The soldiers herded them onwards with
their bayonets and musket butts.

'He must have got out some other way,'
Barbara murmured comfortingly as they stumbled on again, but her
despairing glance to Ian betrayed her worst fears.

'I hope so ... Ian muttered, putting
his arm round Susan and helping her along. 'I hope so for all our
sakes ... '

With a vicious oath, the sergeant came
up and shoved them forward along the stony track skirting the edge of
the bleak dark forest, as if he could not wait to get them to Paris.

Unseen by anyone, a small figure was
crouching in the undergrowth beside the track and when the straggling
column had passed safely by, the foliage parted and the pale freckled
face of the little peasant boy emerged and watched until the soldiers
were swallowed up in the darkness. Then the boy sprang out of the
bushes and started running towards the blazing farmhouse among the
trees.

The Doctor had come to with a splitting
headache and a very stiff neck and his throat was parched from the
dust in the tiny boxroom in which d'Argenson had locked him. He found
himself lying on the floor with his head awkwardly bent up at an
angle against the wall. He lay still, groaning and blinking his eyes
to try and clear his blurred vision. Scarcely any light came through
the small high window above him and he had no idea where he was.
After a while he attempted to lever himself into a sitting position
against the wall, but the effort was too great and he sank back on
the dirty floorboards, half-conscious in the eerie silence.

Eventually he was roused by a strange
banging and cracking noise. Suddenly he was seized by a fit of
coughing and choking which brought him round and he realised that the
boxroom was rapidly filling with smoke which was streaming in around
the door and up between the rotting floorboards. Fighting the pain in
his head and his neck, the Doctor rolled himself over onto his knees
and forced himself up onto his feet. Snatching a handkerchief from
his frock-coat he pressed it over his nose and his mouth, and groped
his way around the walls until he reached the door. Choking and
wheezing from the hot acrid smoke, he struggled with the handle and
then began hammering for all he was worth and croaking as loudly as
he could. 'Help me ... Let me out ... Let me out of here ...

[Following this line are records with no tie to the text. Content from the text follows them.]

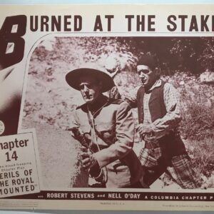 ORIGINAL SERIAL LOBBY CARD – PERILS OF THE ROYAL MOUNTED (a) – 1942 – title card – Ch 14 “Burned at the Stake”
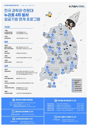 민주신문=이예림 기자|전북특별자치도 무주군 설천면 반디랜드 내 반디별천문과학관이 오는 26일과 27일 양일간 우주항공청의 '누리호 4차 발사 성공'을 기원하는 과학행사를 개최한다고 25일 밝혔다.이날 행사는 오후 1시부터 밤 9시까지 우주항공청의 협조를 받아 진행될 예정으로, 참가자들은 천문과학관에서 진행하는 계절 별자리 강의와 천제 관측(토성) 행사에 함께하게 된다.박제훈 천문대장은 "누리호 4차 발사는 과학적·산업적 성과를 동시에 겨냥한 중요 사업이며, 무엇보다 민간 주도로 한국의 독자적 우주 수송 능력을 보여준다는 점에서 기대
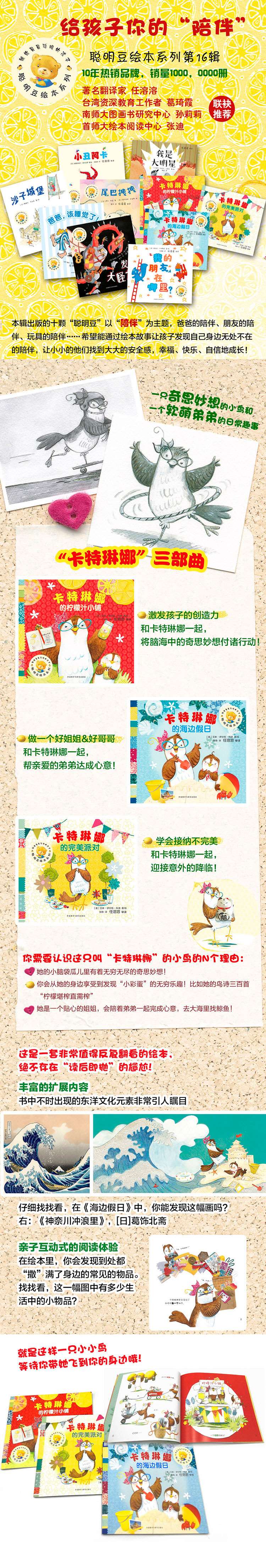 《聪明豆绘本系列16》的十颗“ 聪明豆”以“陪伴”为主题,亲人的陪伴、朋友的陪伴、玩具的陪伴……我们希望能通过绘本故事让孩子发现自己身边无处不在的陪伴,让小小的他们找到大大的安全感,幸福、快乐、自信地成长!书中的文字由翻译家任溶溶执笔润色,语言优美而风趣;书后有绘本专家极富启发与思辨的点评文章,读来回味悠长。
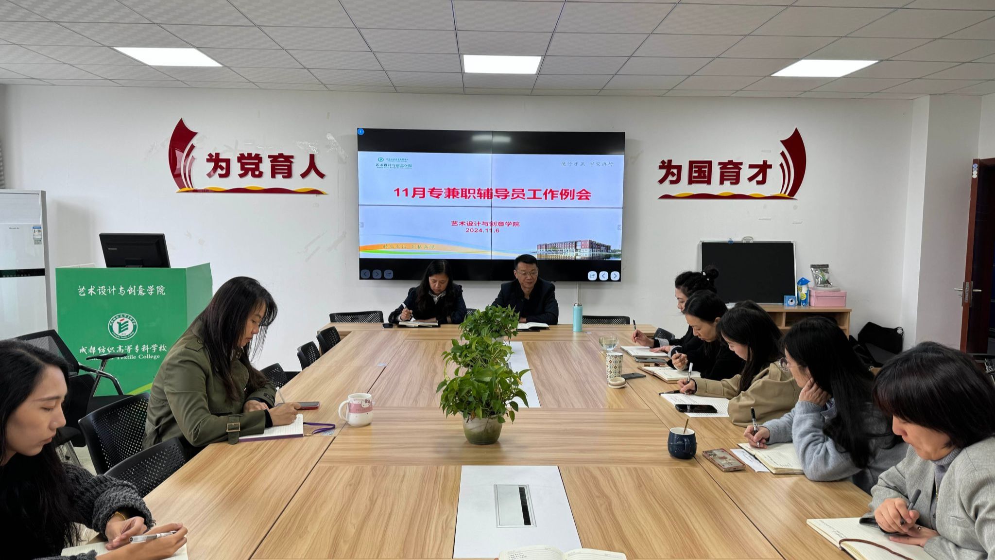 11月6日,创艺学院召开11月专兼职辅导员工作例会,安排布置近期重点工作。学院党总支书记王坤、副书记钟代琴、全体专兼职辅导员参会。
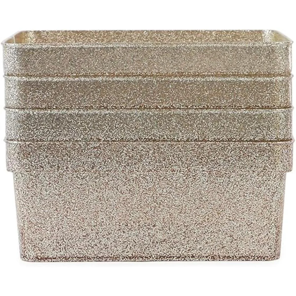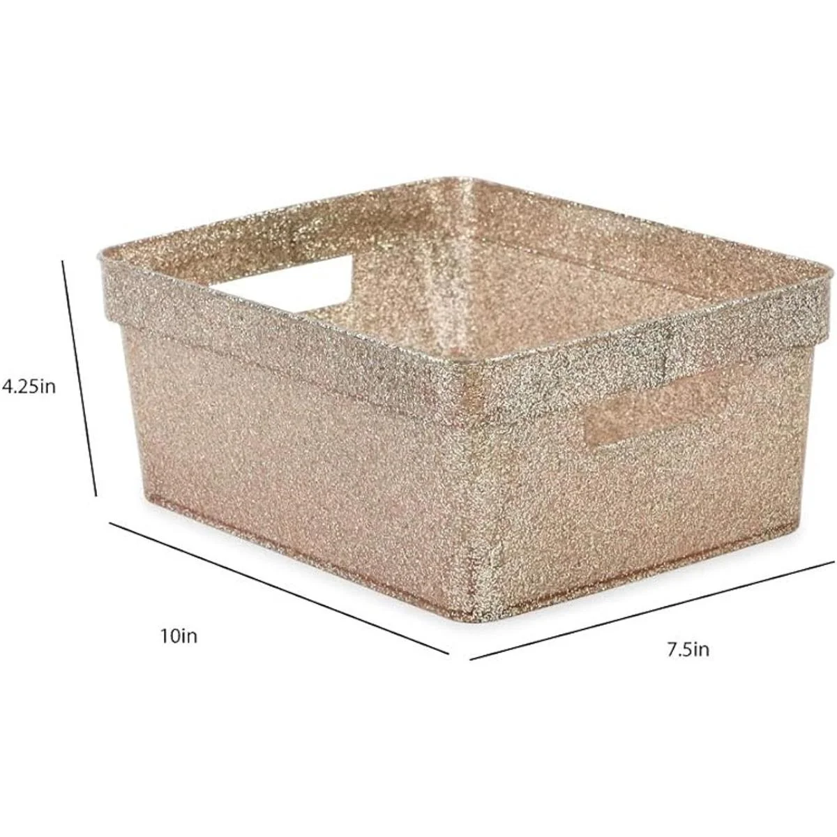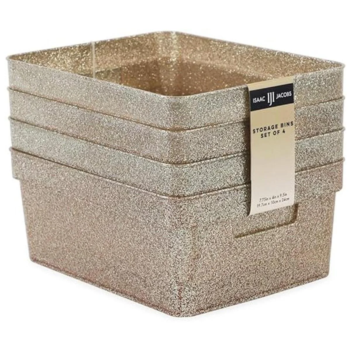 Isaac Jacobs Contenedores de almacenamiento pequeños con purpurina 10 x 7.5 x 4.25 pulgadas con asas recortadas, organizador de plástico, multifuncional, solución de almacenamiento en el hogar, sala de juegos para niños, dormitorio, armario 4, iridiscente
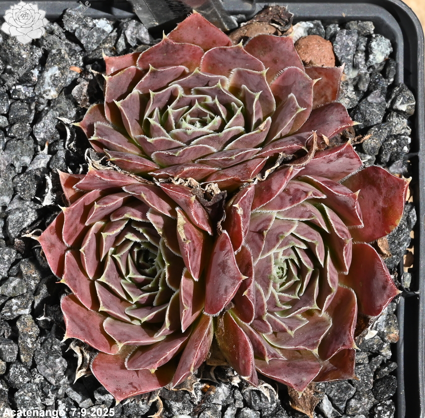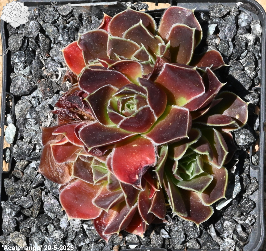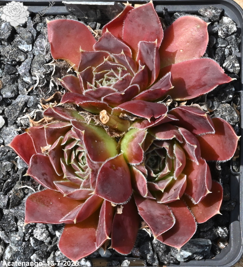 Rosetten bis 7 cm, Blätter breit spatelig, weinrot, Blattränder leicht bewimpert.
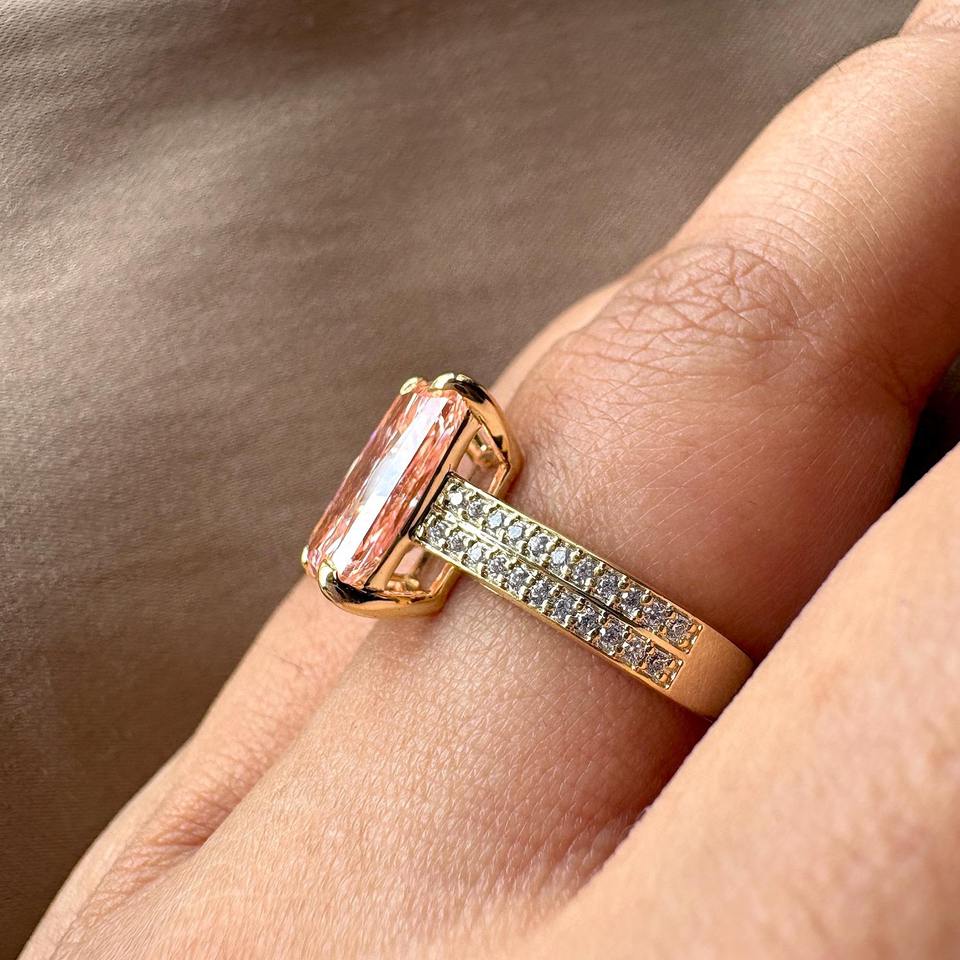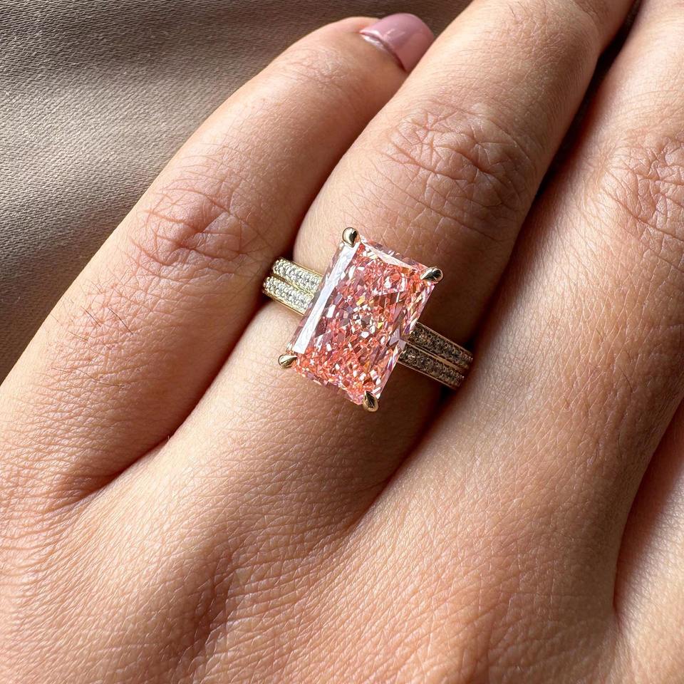 Anillo de Compromiso con Diamante Cultivado en Laboratorio, Corte Esmeralda, Color Rosa Fantasía, con Certificado IGI, Anillo de Boda de Dos Bandas para Regalo de Aniversario
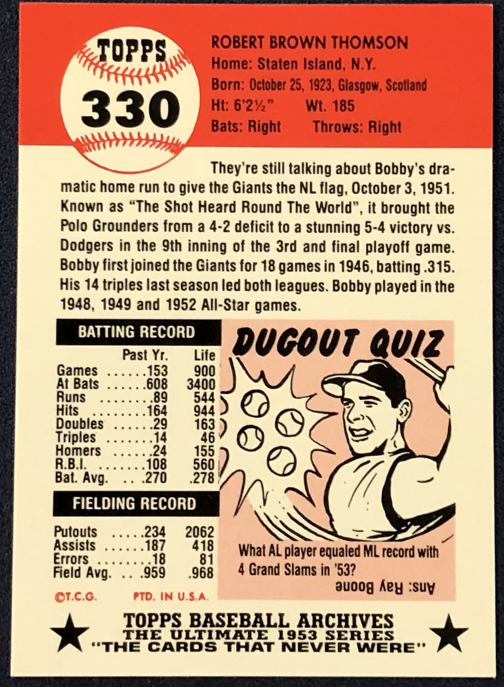 Lot 347 1991 TOPPS ARCHIVES (1953 SERIES) - BOBBY THOMSON

But the relentless smoke seared his
lungs and stung his watering eyes. He could feel the tremendous heat
from the raging inferno all around him and the noise of the flames
and the collapsing roof was deafening. Gradually he sank to the
floor, desperately fighting to draw a little breath through the
handkerchief and still hammering with one feeble fist on the walls
and the floor in the vain hope that somehow somebody, somewhere,
would find him and drag him to safety. But in no time at all the
toxic smoke overwhelmed him. His fist knocked feebly on the floor for
a few more seconds and then lay still ...

3 Prisoners Of The People

The three prisoners and their
ill-disciplined escort arrived at the Conciergerie in Paris at first
light next morning. The atmosphere in the French capital was even
more oppressive than it had been in the countryside. The weather was
stiflingly hot and close and there was an air of menace and suspicion
everywhere, as if nobody dared trust anybody else. People hurried
about the narrow back streets with lowered eyes as though afraid to
meet the gaze of others for fear of provoking some unfounded
accusation concerning their loyalty to the Revolution. Soldiers of
the citizens' militia -the Garde Nationale - were everywhere, and so
were small bands of sans-culottes armed with muskets and dressed in
their long trousers, baggy shirts and tall floppy hats turned over at
the top like nightcaps with tricolour rosettes. The sans-culottes
women also wore swords nonchalantly stuck in their belts as they
clattered noisily across the cobbles in their wooden clogs.